By LabMedica International staff writers
Posted on 01 Jan 2026

Malaria remains a major cause of death and long-term disability in many low- and middle-income countries, with around 600,000 deaths reported globally each year. The most severe form, cerebral malaria, develops rapidly when infected red blood cells obstruct blood flow in the brain, leading to coma, swelling, and often death. Survivors may suffer lasting cognitive and motor impairments, yet practical tools to diagnose cerebral malaria early and monitor disease progression are limited. Now, new research shows that brain injury resulting from cerebral malaria may be reduced and detected earlier using an existing drug and a blood-based biomarker approach.

In a study led by the Yong Loo Lin School of Medicine, National University of Singapore (Singapore), together with international collaborators, researchers investigated whether methylene blue, an inexpensive and widely available compound, could counteract brain damage during severe malaria. In parallel, they explored whether specific gene expression patterns in blood could reliably distinguish cerebral malaria from milder infections and healthy states.


Image: Assistant Professor Benoit Malleret (left) and Dr Hang Jing Wen (right) examine blood smears (Photo courtesy of NUS Medicine)
Image: Assistant Professor Benoit Malleret (left) and Dr Hang Jing Wen (right) examine blood smears (Photo courtesy of NUS Medicine)

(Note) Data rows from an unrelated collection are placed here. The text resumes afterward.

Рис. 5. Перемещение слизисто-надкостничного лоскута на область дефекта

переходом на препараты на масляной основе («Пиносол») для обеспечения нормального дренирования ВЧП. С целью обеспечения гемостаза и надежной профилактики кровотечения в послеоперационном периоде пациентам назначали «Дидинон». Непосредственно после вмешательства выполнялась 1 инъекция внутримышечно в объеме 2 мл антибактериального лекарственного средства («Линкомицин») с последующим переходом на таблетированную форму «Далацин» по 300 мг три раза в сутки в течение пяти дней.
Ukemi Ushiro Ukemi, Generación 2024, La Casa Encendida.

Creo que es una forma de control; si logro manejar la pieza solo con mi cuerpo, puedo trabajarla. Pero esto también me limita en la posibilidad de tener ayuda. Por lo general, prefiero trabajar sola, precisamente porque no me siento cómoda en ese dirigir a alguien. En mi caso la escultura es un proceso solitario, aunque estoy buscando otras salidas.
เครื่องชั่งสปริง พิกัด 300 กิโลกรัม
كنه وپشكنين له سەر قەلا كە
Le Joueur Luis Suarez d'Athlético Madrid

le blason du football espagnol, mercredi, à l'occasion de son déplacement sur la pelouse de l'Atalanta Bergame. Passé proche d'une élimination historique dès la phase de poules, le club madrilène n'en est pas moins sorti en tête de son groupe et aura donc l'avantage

Using laboratory models infected with Plasmodium coatneyi, a close analogue of Plasmodium falciparum, methylene blue was administered intravenously after severe symptoms emerged. The team analyzed gene activity changes in the brain and blood, focusing on molecular pathways linked to inflammation and tissue damage. These analyses aimed to identify both therapeutic effects and measurable blood signals associated with cerebral malaria.

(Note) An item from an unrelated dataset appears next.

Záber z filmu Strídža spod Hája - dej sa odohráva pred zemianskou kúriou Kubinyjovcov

The study, published in Nature Communications, showed that methylene blue reversed many infection-induced genetic changes in the brainstem, the region most affected in cerebral malaria. Treated models displayed reduced pigment deposition, bleeding, and swelling, alongside normalization of gene expression. Researchers also identified a consistent nine-gene blood signature that clearly separated cerebral malaria cases from mild malaria and healthy controls.

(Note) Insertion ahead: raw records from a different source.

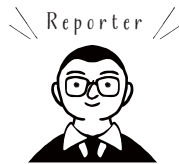
営業担当 橋本 将太

濃厚な味で 1 度食べるとやみつきになるインド産マンゴー。色鮮やかで実は肉厚。ただ甘いだけでなく、酸味、野性味も感じられる美味しい「マンゴーの王様」、アルフォンソマンゴーをお楽しみに！
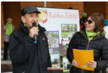
2017-02-28-IV Ogólnopolska Zimowa Senioriada na Podhalu - dzień 2 - zakończenie
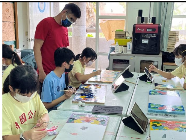
112/5/2 學生繼續進行堵頭彩繪

The nine-gene signature appeared stable across adult and pediatric datasets, suggesting potential for a standardized blood test to diagnose cerebral malaria, assess severity, and monitor recovery. Several of the genes were linked to neutrophils, highlighting a previously underappreciated role for these immune cells in brain injury and blood–brain barrier disruption. The researchers plan to validate the biomarkers in larger patient cohorts and evaluate methylene blue dosing, timing, and safety in clinical trials.

“The biomarker signature we identified was remarkably consistent. This suggests that a simple blood test could be developed to differentiate cerebral malaria from other severe conditions, enabling earlier intervention and clearer treatment decisions,” said Assistant Professor Benoit Malleret, lead investigator of the study.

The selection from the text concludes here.